A scene from "China Heavyweight"

There are no heavyweight boxers in China Heavyweight, the new film from Yung Chang, the Canadian documentary filmmaker behind the much-awarded 2007 debut film Up the Yangtze. Both film titles are a kind of word play, an invitation to thinking twice about a powerful nation caught in a double-think.

Up the Yangtze was about people who were up the creek, the peasant population displaced by China's relentless race to progress with the creation of the world's largest hydropower facility, the Three Gorges Dam. The weight in China Heavyweight is the burden of conflicting expectations, the push toward modernization against the traditional pull of traditional Confucian modesty and filial piety.

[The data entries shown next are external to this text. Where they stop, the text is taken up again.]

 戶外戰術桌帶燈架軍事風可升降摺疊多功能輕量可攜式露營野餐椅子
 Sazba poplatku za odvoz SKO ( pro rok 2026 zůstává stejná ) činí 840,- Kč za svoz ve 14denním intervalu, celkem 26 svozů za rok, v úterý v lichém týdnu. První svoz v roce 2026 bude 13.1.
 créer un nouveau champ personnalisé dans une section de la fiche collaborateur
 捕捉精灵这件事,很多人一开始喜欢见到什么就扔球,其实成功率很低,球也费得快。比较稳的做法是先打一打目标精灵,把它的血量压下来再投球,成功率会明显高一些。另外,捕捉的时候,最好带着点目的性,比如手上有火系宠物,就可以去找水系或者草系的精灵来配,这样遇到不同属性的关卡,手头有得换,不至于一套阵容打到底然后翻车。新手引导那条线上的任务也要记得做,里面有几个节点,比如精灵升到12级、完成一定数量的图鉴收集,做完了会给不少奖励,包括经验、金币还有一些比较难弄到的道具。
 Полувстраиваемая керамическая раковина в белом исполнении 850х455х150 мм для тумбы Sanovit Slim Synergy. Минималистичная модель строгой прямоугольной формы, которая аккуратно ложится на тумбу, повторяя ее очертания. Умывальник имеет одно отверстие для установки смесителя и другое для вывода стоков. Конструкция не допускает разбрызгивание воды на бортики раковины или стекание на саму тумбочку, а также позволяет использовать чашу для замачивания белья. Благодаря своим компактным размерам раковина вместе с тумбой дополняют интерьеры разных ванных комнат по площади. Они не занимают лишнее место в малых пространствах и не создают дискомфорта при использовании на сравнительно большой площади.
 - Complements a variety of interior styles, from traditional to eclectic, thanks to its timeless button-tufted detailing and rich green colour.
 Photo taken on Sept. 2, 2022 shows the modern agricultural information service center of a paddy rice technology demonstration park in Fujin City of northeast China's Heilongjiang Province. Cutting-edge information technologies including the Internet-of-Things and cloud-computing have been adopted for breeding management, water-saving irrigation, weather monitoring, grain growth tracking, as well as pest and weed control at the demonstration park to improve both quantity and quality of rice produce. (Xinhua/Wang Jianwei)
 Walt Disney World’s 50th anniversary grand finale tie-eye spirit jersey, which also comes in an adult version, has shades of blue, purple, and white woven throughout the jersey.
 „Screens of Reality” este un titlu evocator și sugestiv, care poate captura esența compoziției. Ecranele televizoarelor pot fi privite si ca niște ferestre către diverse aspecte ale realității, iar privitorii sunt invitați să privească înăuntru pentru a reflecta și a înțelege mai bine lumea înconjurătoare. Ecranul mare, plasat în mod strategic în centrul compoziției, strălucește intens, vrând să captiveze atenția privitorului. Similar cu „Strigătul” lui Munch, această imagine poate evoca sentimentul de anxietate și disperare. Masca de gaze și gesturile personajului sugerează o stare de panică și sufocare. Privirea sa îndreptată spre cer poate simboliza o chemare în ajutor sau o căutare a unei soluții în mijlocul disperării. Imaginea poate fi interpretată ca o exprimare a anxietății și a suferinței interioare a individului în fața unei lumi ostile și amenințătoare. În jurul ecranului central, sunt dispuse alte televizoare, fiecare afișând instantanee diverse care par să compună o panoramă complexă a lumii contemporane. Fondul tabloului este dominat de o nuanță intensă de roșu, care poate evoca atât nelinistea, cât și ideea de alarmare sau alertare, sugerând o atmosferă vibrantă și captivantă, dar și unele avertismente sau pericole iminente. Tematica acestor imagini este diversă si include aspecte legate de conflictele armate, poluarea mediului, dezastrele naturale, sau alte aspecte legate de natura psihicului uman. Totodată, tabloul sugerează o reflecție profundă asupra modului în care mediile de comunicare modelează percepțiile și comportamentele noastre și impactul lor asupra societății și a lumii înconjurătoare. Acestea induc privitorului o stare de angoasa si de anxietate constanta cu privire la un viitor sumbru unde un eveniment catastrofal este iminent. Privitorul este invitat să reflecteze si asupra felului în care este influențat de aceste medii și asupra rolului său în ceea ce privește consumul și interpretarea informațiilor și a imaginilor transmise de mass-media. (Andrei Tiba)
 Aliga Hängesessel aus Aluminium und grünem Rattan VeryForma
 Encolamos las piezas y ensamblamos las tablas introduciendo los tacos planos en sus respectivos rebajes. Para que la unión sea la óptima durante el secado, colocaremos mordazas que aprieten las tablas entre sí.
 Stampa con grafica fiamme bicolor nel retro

As with his previous film, director Chang nurses a compelling drama from a multilayered cultural reality, at once intimate and unfathomably large in implications. In his sophomore film, Chang, once again, shows himself to be one of our great young cinéma-vérité directors, with "our" meaning, not just belonging to Canada, but to the world.

The immediate subject is boxing, perhaps the most individual of competitive sports. In the late 1950s, Chairman Mao banned boxing as too Western and brutal. After the Cultural Revolution, his successors began to believe that competition might be as useful in developing sport as it was for the economy. Finally, in the late eighties, boxing was made legal again and taught in schools, such as the one in Huili County in the southwestern Sichuan province, where China Heavyweight takes place.

Opening scenes take us to this outpost, through the eyes of two boxing talent scouts, the bearded, philosophical program director, Zhao Zhong, and former professional boxer, Coach Qi Moxiang. The men line up the boys and girls, asking each to announce their year of birth and try a few practice punches, while they do their recruitment talk. If they are chosen for the program, declares Zhao, the boys and girls may rise to the provincial and national levels, even to Olympic glory where they will belong to all the people. If not, they'll never be more than "your mother's child."

The odds here look worse than in Steve James's basketball movie, Hoop Dreams: Failure here means not just anonymity but a lifetime of drudgery working on a tobacco plot as their parents do, rising before sun-up and finishing after dark.

Coach Qi, who has decided to dedicate his life to coaching, is a charismatic figure, but he doesn't coddle his young fighters. In an early scene, a small boy gets his nose bloodied in a sparring round. Instead of offering sympathy, the coach reprimands him sharply for failing to keep his head down and sends him to wash his face.

Out of the ranks of the many, two 19-year-old boys show talent. Yunfei Miao, the coaches agree, has an advantage: He's cocky, in love with the attention of the ring and anxious to become a boxing "king" like Mike Tyson and Mohammed Ali. His friend is the quiet, sensitive He Zhongli, who is plagued by doubts. The training is relentless, the payoff questionable.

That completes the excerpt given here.